Hollis Engley rounded second base on a long fly ball to right side of the Potter Field outfield. In the middle portions of a tightly-contested tournament game, Engley had his sights on reaching home. He blew by the stop sign held up by his teammate posing as the Cape Codgers’ third base coach, fully prepared to empty the tank on the remaining 90 feet toward home plate.

He beat the throw home, keeping the Codgers 70-and-up team within striking distance earlier this month during the Cape Cod Senior Softball League tournament, simply dubbed “The Classic.” But the run came with consequences. Engley came up limp, stretching out his right leg.

“I won’t be running anymore, but I can still pitch,” Engley said.

The boys that once ran effortlessly from first to third still live inside the members of the Cape Codgers, a senior softball league in Falmouth made up from players across the upper Cape. The passion has yet to leave this group, even if their physical ability has begun deteriorating.

Supportive braces and joint wraps are just as prominent on the field as ball caps and batting gloves. But inside those base lines for seven innings, the bumps and bruises of staying active in an advanced age is secondary to the pleasures of still playing the game they once loved.

“It’s good exercise. It gives us something to do and something to look forward to in the week,” said Bill Soares, who last played competitively in the 90s for a work league. “This is a great group of guys.”

Soares, a retired civil engineer, peppers in pickleball and golf around his softball schedule.

“This is not flawless baseball, but no one cares,” Ed DeWitt, a retired lawyer, said.

The 70-and-older Codgers team was just one of the 13 teams, ranging as far north as New Hampshire and as far south as New Jersey, that took part in the annual senior softball tournament held behind Whitehouse Field in second week of September.
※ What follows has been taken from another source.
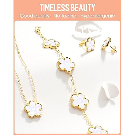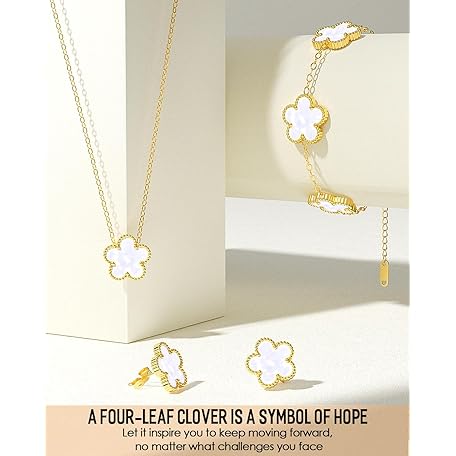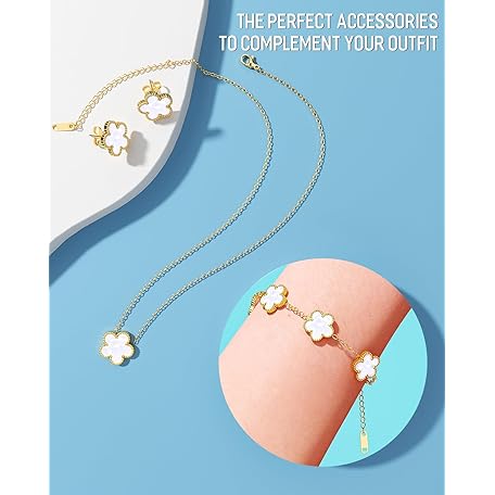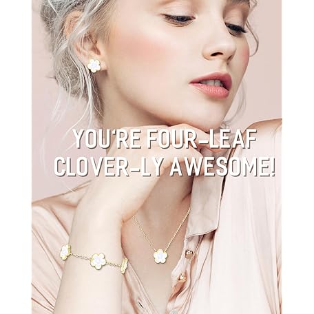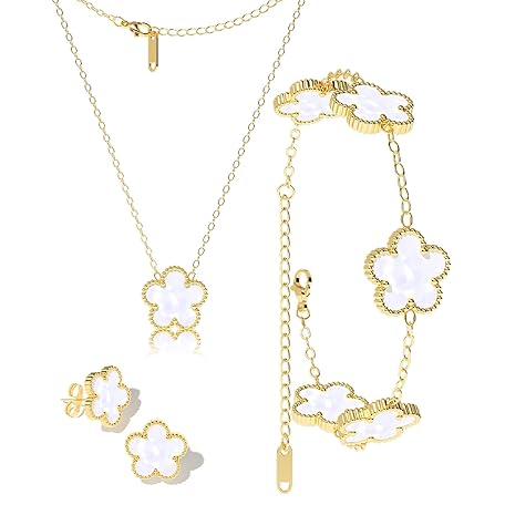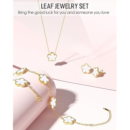 AICase Clover Jewelry Set,18K Gold Plated Lucky Clover Bracelet,Four Leaf Clover Necklace and Clover Earrings Fashion Jewelry Sets Gifts for Women/Mon

The Codgers have played in the tournament for the last nine years, but with little success. According to acting player-manager Alan Jacobs, the team has just one win in that span. Others can’t seem recall the last time they won a game in The Classic.

But all that changed during the first day of the tournament. The Codgers went 2-0 in the opening round of the tournament, defeating South Shore Seniors 11-5 and Kaleidoscope Imprints 17-6, doubling their career win total in a matter of one afternoon.

“We won yesterday because we played really well. We hit the ball well and our infield and outfield defense was really tight,” Ron Dyer said. “Errors will kill you—dropped balls in the outfield, balls going through your legs in the infield.”

He added with a smirk, “The Red Sox have the same problems we do. They just move a little faster than us.”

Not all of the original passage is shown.